Martin Luther King Jr. was intimately aware of how working people and the poor possess moral agency even when systems limit their options, and he campaigned to make people see this for themselves. This recognition is the beginning of self-respect, notes Boulder scholar Anshul Rai Sharma. (Photo: U.S. Information Agency Press and Publications Service)
It is against this background that contemporary articulations of morality appear inadequate. Recent calls for ethical renewal often focus on individual responsibility while leaving social relations largely unexamined. Consider Dutch author Rutger Bregman's 2025 book Moral Ambition, which asks people to dedicate their time to improving the world—yet his framework reveals assumptions that, while indicative of our times, need to be reviewed.
Bregman argues that scientists, doctors, entrepreneurs, engineers and lawyers must become "morally ambitious" and that this is the pathway to solving the world’s most pressing issues. But his framework dismisses ordinary people, describing them as "herd animals" who "do what we're taught to do, accept what we're handed, believe what we're told is true."
Where King recognized the masses as capable of spiritual awakening, Bergman’s articulation of morality strips them of agency, seeing ordinary people as passive followers "sticking to the script that goes with our kind of life."

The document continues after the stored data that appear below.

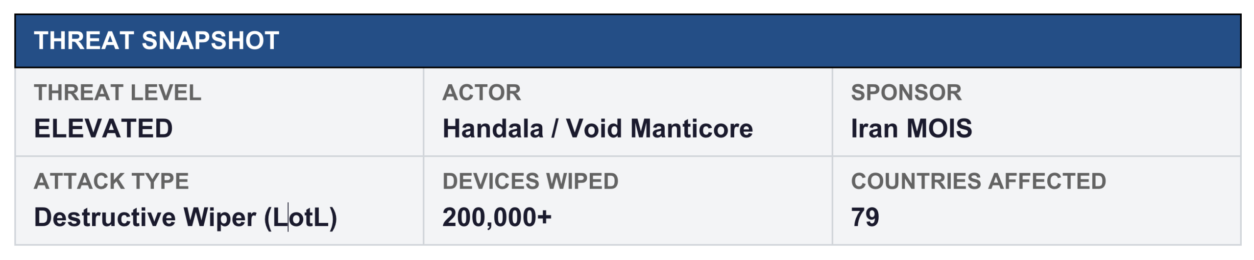 Void Manticore’s defining characteristic is an ‘opportunistic and quick-and-dirty’ operational tempo focused on maximum visible damage. Their 2026 campaign has included: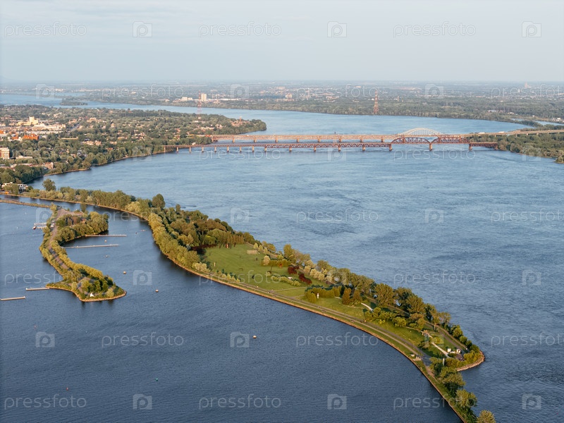 Вид с воздуха на полуостров маяка Rene-Levesque Park в Лачине, Монреаль вдоль реки Святого Лаврентия на закате. г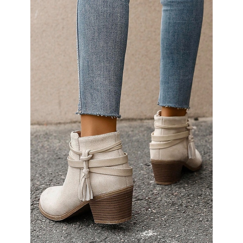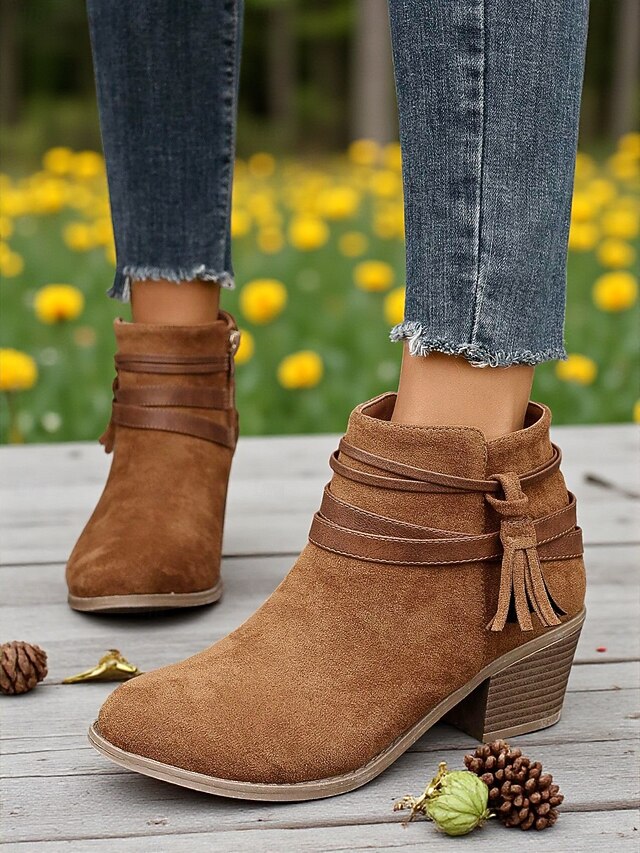 Women's Brown Ankle Boots with Tassel Straps – Casual Western Style Faux Suede Low Heel Booties for Fall, Streetwear and Daily Outfits 20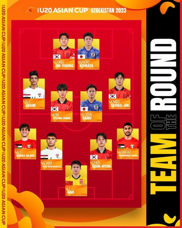 AFC는 13일(현지시간) 공식 채널을 통해 2023 AFC U-20 아시안컵 8강전에서 포지션별로 가장 인상적인 활약을 펼친 선수 11명을 공개했다.

In thinking about this notion of moral ambition, it is important to remember that modern life still divides labor between activities that are or may seem as menial and routine and those that are seen as creative and ideal. A major portion of working people, especially caste minorities in the Global South and racial minorities in the United States, fall into the former category. To label such populations as "herds" or suggest they lack moral ambition refuses genuine engagement with the actual forces that shape people's lives, forces deeply felt and understood by both Ambedkar and King.
A portion of King’s enduring appeal lies in this recognition. Ordinary people face real economic and social constraints that shape their choices. These may include the struggle to make rent, raise children, navigate discrimination and survive without reliable state support.King was intimately aware of how working people and the poor possess moral agency even when systems limit their options, and he campaigned to make people see this for themselves. This recognition is the beginning of self-respect.
In his sermons and speeches, he spoke to the part of our being which is a gift, our ability to live dignified lives despite and against inequalities and oppressive structures. Through King’s words, people could see the constraints but also the real meaning of their lives, encouraging them to organize and to act. From Washington to Mumbai, from university halls to churches, this was the transformation that the preacher from Atlanta sought.
This is King's enduring gift, a moral framework that refuses to separate the personal from the social, that sees ordinary people as agents and that understands justice as something we create together rather than await from authorities or technocratic experts. As we face our own moment of moral fatigue, perhaps the question we should ask ourselves is not how to become more “morally ambitious” but how to bring home and amplify the latent moral energies that do not promise rapid or universal solutions, but that remain the quiet foundation of how communities endure, resist and remake the world.
Anshul Rai Sharma is a PhD student in the Department of Geography at the University of Colorado Boulder. His research focuses on caste, urban dispossession and housing in the city of Bengaluru, India.